Les raisons d’un boycott islamiste
Justice et Spiritualité (Aladl wal Ihsane), sans doute le mouvement islamiste le plus important du Maroc, est interdit d’activité politique et ne présente aucun candidat aux élections du 27 septembre. Entretien avec Fathallah ARSALAN, porte-parole officiel du mouvement.
La Médina : Dans quel champ peut-on inscrire votre action ? Est-ce dans le champ politique ou dans le champ religieux ?
Fathallah Arsalan : Cette dualité nous ramène à la problématique du dialogue avec l’Occident qui voit, selon sa vision laïque, dans notre comportement sur le terrain une image de parti politique et dans notre mission principale l’action politique ; c’est pourquoi on nous demande souvent notre position quant à la scène politique ou envers les élections.
Vous n’êtes donc pas un mouvement politique ?
Nous ne le sommes pas au sens occidental du terme, mais cela ne veut pas dire que nous n’accordons pas d’intérêt à la politique ou que nous ne somme pas intéressés par la participation au pouvoir. Bien au contraire, nous pensons que les élections sont nécessaires et que la participation au pouvoir est indispensable. Mais nous estimons que pour le moment, les conditions actuelles n’incitent pas à notre participation et nous travaillons, quand même, pour la satisfaction des conditions plus favorables. Pour mieux expliciter notre identité, nous sommes un mouvement sociétal qui s’articule autour de deux principes qui se complètent et qui font l’intitulé même de notre association : d’un coté, la Justice(Adl) comme mobile de notre action politique et, de l’autre, Al Ihsane, difficile à traduire, mais entendu comme renforcement du rapport avec Dieu et perfection de toute action envers soi même et envers les autres.
Notre projet est surtout de développer l’homme qui va faire face à l’ensemble des défis, car la réforme politique à elle seule n’est pas suffisante et le comportement des élus, par exemple, nous importe beaucoup. Contrairement aux autres partis qui ne tiennent pas compte de la moralité de leurs candidats, nous pensons qu’il faut donc éduquer l’homme sur les précepts de l’islam pour aspirer à la renaissance de la Oumma.
Quelles sont alors les conditions dont vous parlez ?
Les problèmes du Maroc sont si pesants, si urgents et appellent les bonnes volontés de toutes les composantes de la société, sans exclusion, à des réflexions à travers un dialogue sérieux et sans traits rouge.
Quel sera l’objet de ce dialogue ?
Une réforme constitutionnelle permettant d’élargir les prérogatives du gouvernement et de le responsabiliser davantage, à l’image des autres pays démocratiques, par exemple.
C’est ce que demandent d’autres formations non islamistes.

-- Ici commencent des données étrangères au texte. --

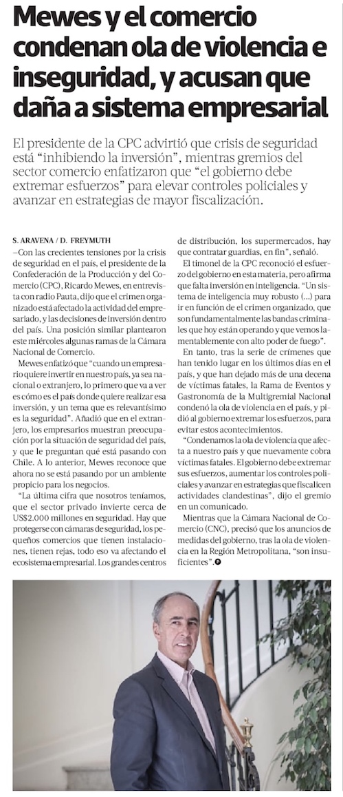 Empresarios advierten deterioro para la imagen de Chile en el extranjero por crisis de seguridad - (El Mercurio de Santiago)

Le problème pour vous est donc principalement politique?
Mais ce que nous demandons tient compte de la référence islamique. Nous voulons changer la manière de gouverner, en nous fondant sur le statut du Commandeur des croyants en islam. Ce changement est dans l’intérêt même du pouvoir.
Avez vous des propositions pratiques et immédiates ?
Il est urgent de nouer un pacte national entre les différents composantes de la société, et d’investir au Maroc les fonds détenus à l’étranger par les responsables, pour acquérir la confiance des investisseurs étrangers.
Mais vous demandez le rapatriement des fonds marocains à l’étranger… N’est-ce pas une fuite en avant ?
C’est difficile, mais le Maroc n’a pas d’autre choix.
Vous incitez au boycott des élections et en même temps vous dites que les conditions ne vous sont pas favorables. Pourquoi ne vous pas vous occuper de l’action religieuse et laisser tranquilles ceux qui veulent faire de la politique ?
Les populations ne nous ont pas attendus pour boycotter les élections, elles l’ont déjà fait. Nous sommes en principe pour la participation politique et nous voulons exercer le pouvoir. La non participation est exclue de notre projet mais pour le moment, nous disons que les élections ne sont d’aucune utilité en l’absence des réformes des institutions étatiques. Le gouvernement ne fait qu’exécuter les directives royales et tous les partis concourent à l’exécution des seules politiques du pouvoir.
Les idées de votre mouvement sont surtout celles de votre leader Abdessalam Yassine ?
Le professeur Yassine est un penseur à l’échelle du monde musulman, il a une œuvre d’une trentaine de livres, il a élaboré une théorie complète concernant le système politique, l’économie, la question de la femme, etc. Il n’écrit pas seulement pour notre mouvement, mais pour tout le monde, et nous nous servons de ses idées pour les développer dans les différents champs où interviennent nos cellules. Nous comptons aussi une vingtaine de livres écrits par d’autres membres de notre organisation.